In Europe, 80% of manufacturers continue to operate critical OT systems with known vulnerabilities, making exploitation both feasible and repeatable, according to Check Point Research. Average ransom demands in European manufacturing reached $1.16 million in Q3 2025, more than double the previous year, according to Security MEA. IBM X-Force assessments of OT-relevant CVEs in H1 2025 found that 90% of the top-mentioned vulnerabilities had been actively exploited, and 70% had been exploited by advanced persistent threat groups.

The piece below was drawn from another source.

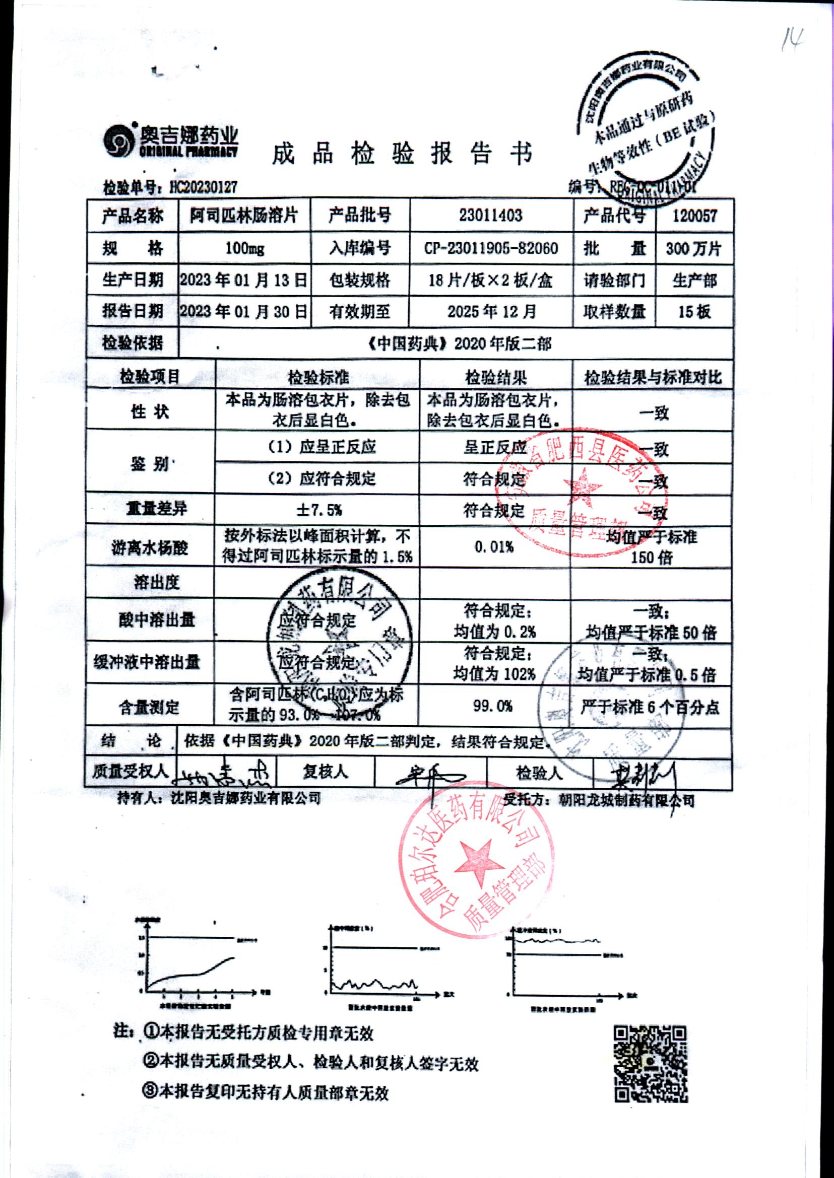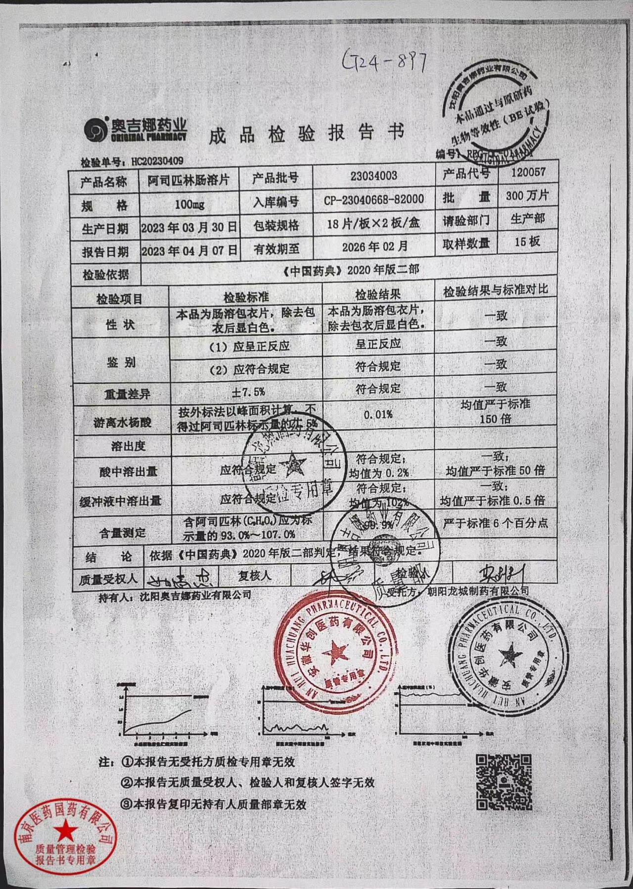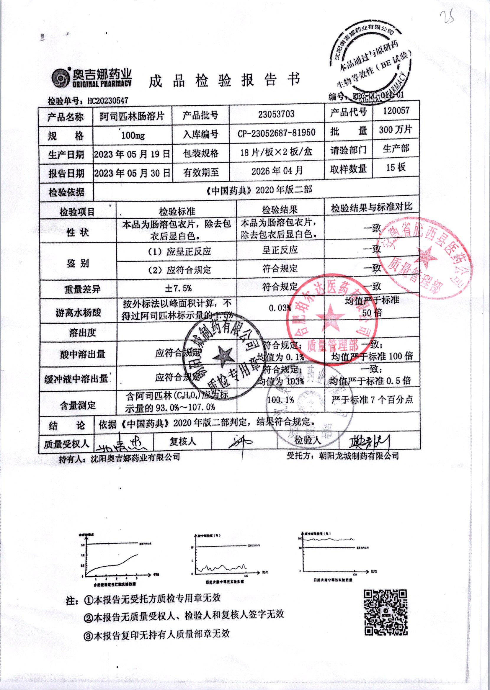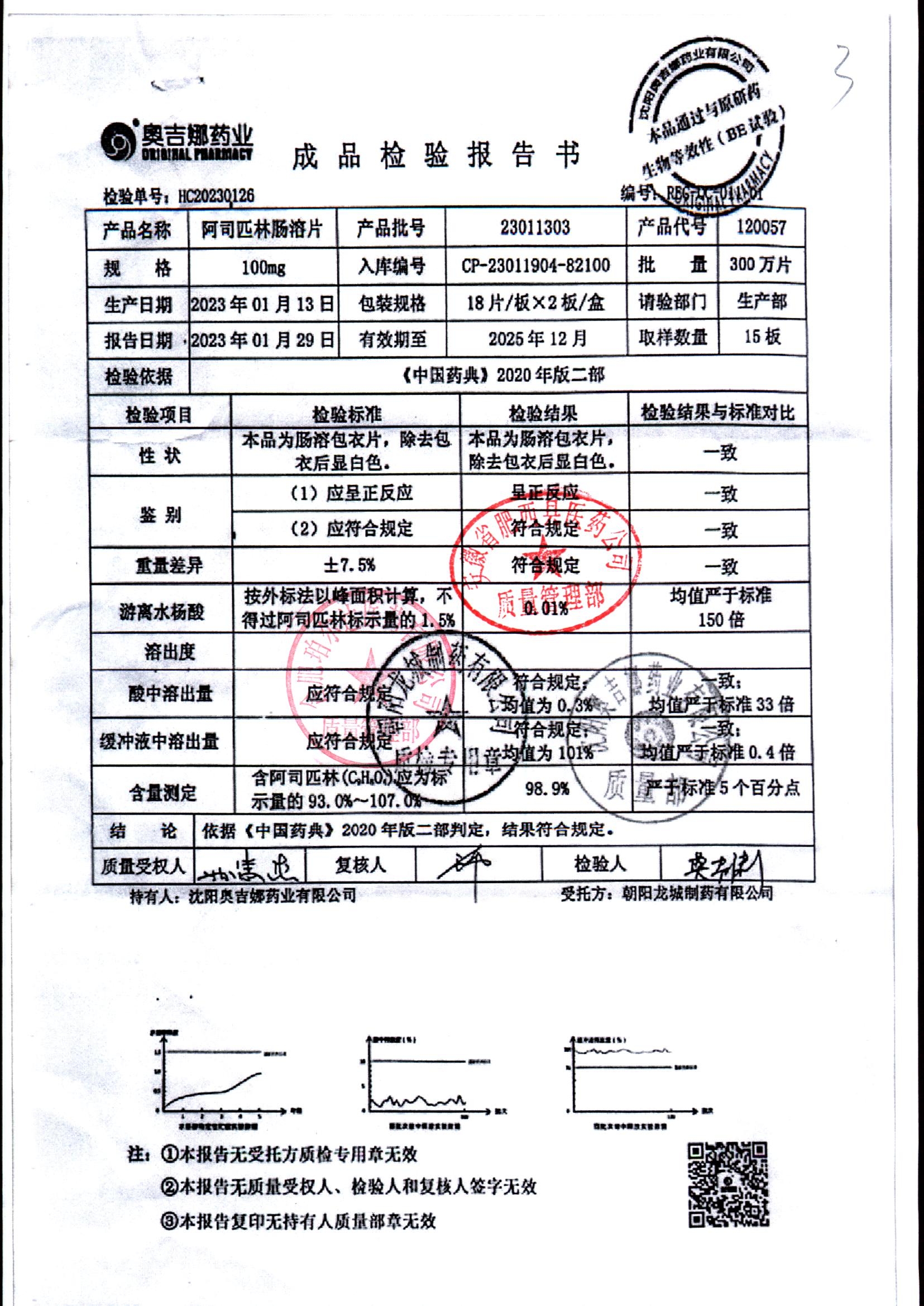 | 阿司匹林腸溶片 | 100mg*36片 | 23031903 | 查看詳情 |

Industry bodies and security researchers are urging facilities to treat SBOM management as an operational discipline rather than a compliance exercise. CISA's updated Cross-Sector Cybersecurity Performance Goals, released in December 2025, emphasize network segmentation, zero-trust principles, and lateral movement mitigation as core security objectives. For legacy OT environments where retrofitting modern authentication is impractical, security practitioners recommend identity-aware gateways, strict jump-host access, micro-segmentation, and protocol allow-lists as compensating controls. Automated software composition analysis to flag outdated or vulnerable open-source components at ingestion - rather than after deployment - is now considered a foundational step before any open-source library enters a production control network.
Outlook
The Cyber Incident Reporting for Critical Infrastructure Act (CIRCIA) is set to take full effect in May 2026 with 72-hour reporting windows, introducing a compliance dimension that will compel manufacturers to accelerate incident detection and escalation capabilities. Analysts expect adversaries to respond to tightening law-enforcement pressure by further decentralizing RaaS operations and shifting toward extortion-only tactics that threaten production disruption without encryption. Organizations deploying unified security solutions across IT and OT environments achieved a 93% reduction in cyber incidents, according to Fortinet research - a data point that underscores the business case for integrated, governance-driven security architectures over fragmented, tool-specific defenses.